Monday, 10 December 2012

Five Hour Roast Lamb Shoulder

There are loads of recipes on the web for this dish - I didn't follow a particular recipe, rather than a set of basic principles: good meat, lots of aromatic seasonings, a little liquid, good covering and long, slow cooking!  I started with a whole shoulder of lamb, either on the bone or boned and rolled, whichever you prefer.  Season well with salt and pepper, make some slits in the meaty bits and shove slivers of garlic and sprigs of fresh rosemary in them.  Now, take a solid roasting tin, put a little oil in the bottom (a tablespoon or so) and then strew (lovely word!) 2 peeled and thickly sliced onions over the bottom.  Peel and roughly chop 4 or 5 garlic cloves and add to the onions, along with a couple of sprigs of fresh rosemary, a few sprigs of fresh thyme and a couple of bay leaves.  Now pour in 120mls of wine (whatever you have, but I prefer white for this dish) and a further 120mls of water.  Place the lamb on top, then cover the roasting tin really well with foil, tucking it tightly around the rim to make it as good a seal as possible.  Put in an oven heated to 150C or the gas equivalent and then leave to cook.  After 3 hours, carefully check under the foil (watch out!
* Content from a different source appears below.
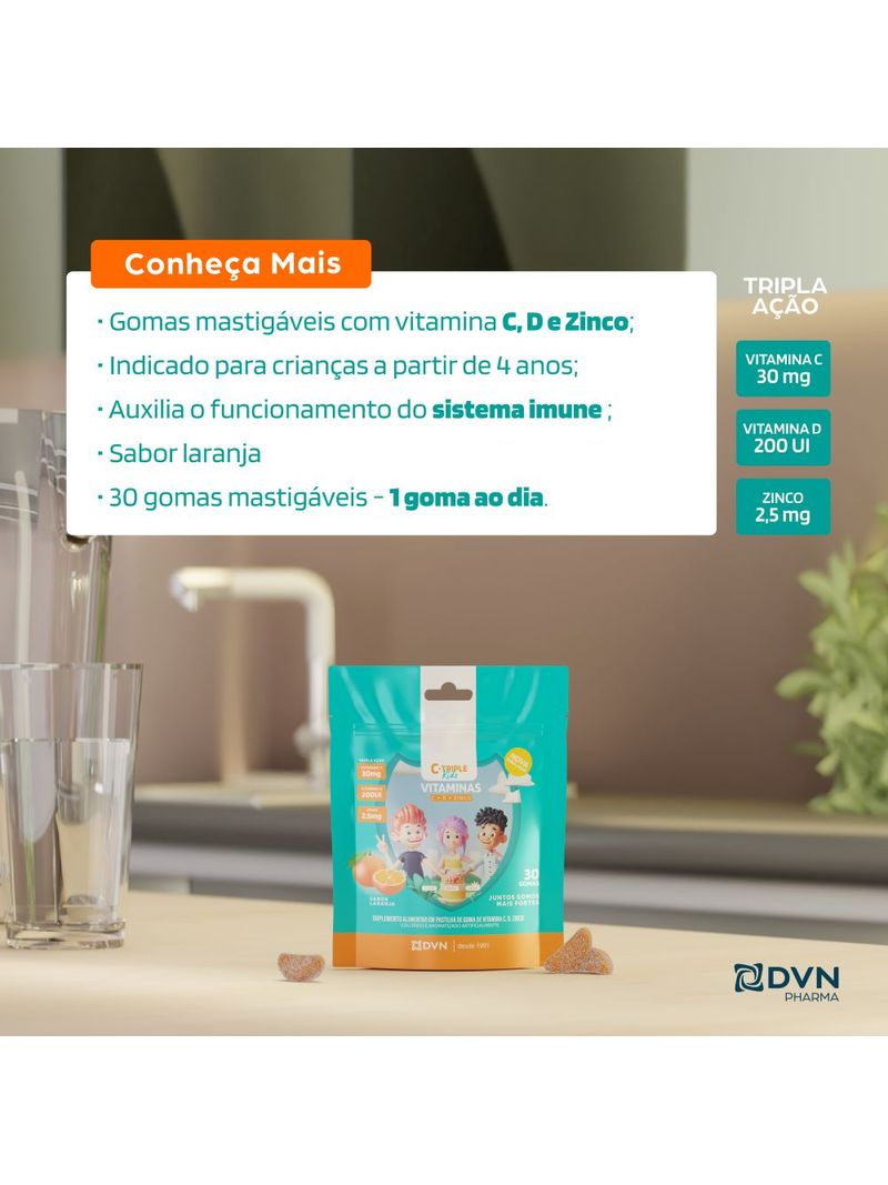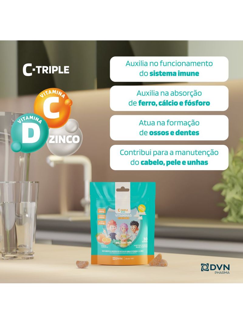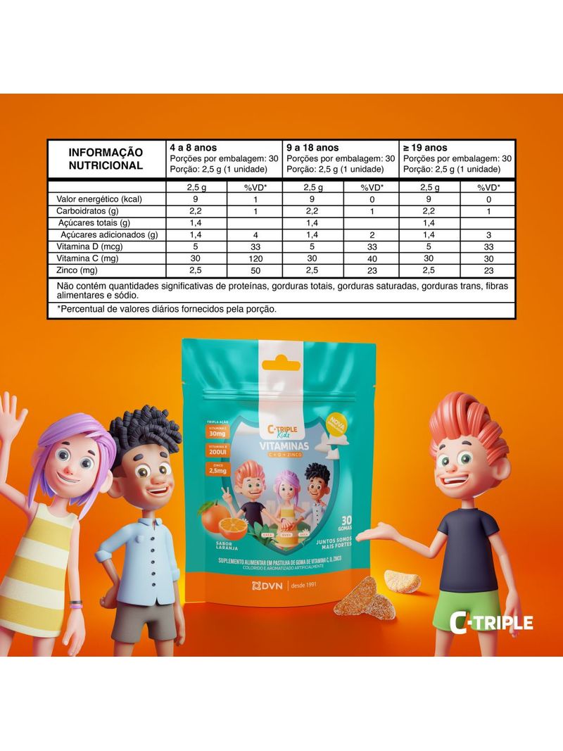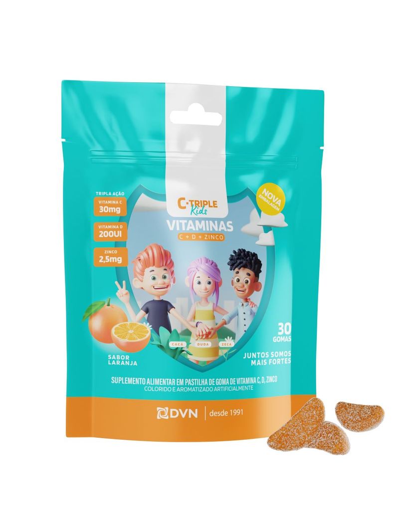 C-Triple Kids oferece tripla proteção para as crianças se divertirem como merecem! É o suplemento de Vitamina C, Vitamina D e Zinco indicado para os pequenos a partir de 4 anos de idade em formato de gominhas com delicioso sabor laranja.

It will be hot and steamy!) just to check that there is still liquid - there should be lots as the meat will shed loads of juice.  But add a little more hot water from the kettle if it is at all dry.  Reseal the foil and return to the oven for another 2 hours, removing the foil for the last 15 minutes to brown the meat if it needs it.  Now, remove the lamb to a board and cover well with foil then a tea towel to keep warm.  Spoon the copious amounts of liquid fat from the surface of the juices in the roasting tin.  If the liquid is at all watery, boil over a high heat for a few minutes until reduced to the intensity you want - taste and adjust the seasoning.  You can either sieve the onions out of the gravy or not, your choice (I quite like the soft onions left in).  Now serve the lamb - it will be falling off the bone and you should be able to cut it and pull it apart with a fork and spoon.  Pour over the hot juice and serve with mash to mop it all up. Any leftovers make a sublime Shepherd's Pie or (as we did tonight), a Moussaka.  It is rich meat and serves a lot!